Tips for eating proteins
Front-load 30g+ at breakfast
Most people eat 70-80% of their daily protein at lunch and dinner. Hitting 30-40g at breakfast (3 eggs + cottage cheese, Greek yogurt + protein powder, or a 2-egg omelet with cheese) consistently reduces afternoon snacking and total daily calories in feeding studies.
Target 0.7-1g per pound bodyweight
1.6-2.2g/kg, or 0.7-1g per pound, is the evidence-based range for muscle retention during a deficit and growth in a surplus. Spread across 3-5 meals of 25-40g each. Per-meal dose matters more than daily total for muscle protein synthesis.
Sunday-batch a pound at a time
A pound of chicken thighs, salmon fillets, or ground turkey takes 25 minutes whether you're cooking one portion or five. Sunday batch cooking is the single most effective habit for hitting protein targets on busy weekdays.
Buy a $10 instant-read thermometer
Chicken pulled at 165°F internal is juicy. At 175°F it's the dry, rubbery stuff people quit eating.

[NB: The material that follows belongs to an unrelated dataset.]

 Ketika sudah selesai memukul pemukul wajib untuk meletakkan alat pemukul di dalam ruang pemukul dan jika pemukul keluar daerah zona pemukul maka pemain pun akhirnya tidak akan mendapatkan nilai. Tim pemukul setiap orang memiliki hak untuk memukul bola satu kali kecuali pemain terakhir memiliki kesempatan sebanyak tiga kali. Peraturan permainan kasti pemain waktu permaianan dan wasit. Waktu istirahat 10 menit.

The thermometer is the entire difference between sustainable meal prep and the chicken-and-broccoli stereotype that nobody actually keeps up.

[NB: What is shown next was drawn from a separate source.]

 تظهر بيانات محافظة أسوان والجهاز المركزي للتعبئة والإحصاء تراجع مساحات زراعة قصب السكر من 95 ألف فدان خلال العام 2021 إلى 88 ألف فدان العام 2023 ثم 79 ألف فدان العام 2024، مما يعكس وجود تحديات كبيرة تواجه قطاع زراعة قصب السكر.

Rotate fattier cuts for adherence
Lean cuts (chicken breast, 99% turkey, tilapia, 95/5 beef) win on protein-per-calorie. But salmon, ribeye, and chicken thighs are dramatically more satisfying per gram. Cycle them in 2-3 times a week and you're more likely to still be eating this way in six months.
Marinate in acid + salt + oil
Acid (lemon, vinegar, yogurt, buttermilk) tenderizes. Salt seasons through. Oil carries flavor. 30 minutes minimum, ideally overnight. Marinated thighs grilled at 450°F or air-fried at 400°F are an upgrade you keep eating, not a sacrifice you abandon by week three.
Storage guide
Raw chicken and ground meat: 1-2 days fridge, 3-4 months frozen. Steaks, chops, roasts: 3-5 days fridge, 6-12 months frozen. Cooked meat: 3-4 days fridge. Fresh fish: 1-2 days fridge, 2-3 months frozen. Eggs: 3-5 weeks past the carton date if uncracked. Trust the thermometer (165°F poultry, 145°F whole-cut beef/pork/fish) and your nose more than the date sticker.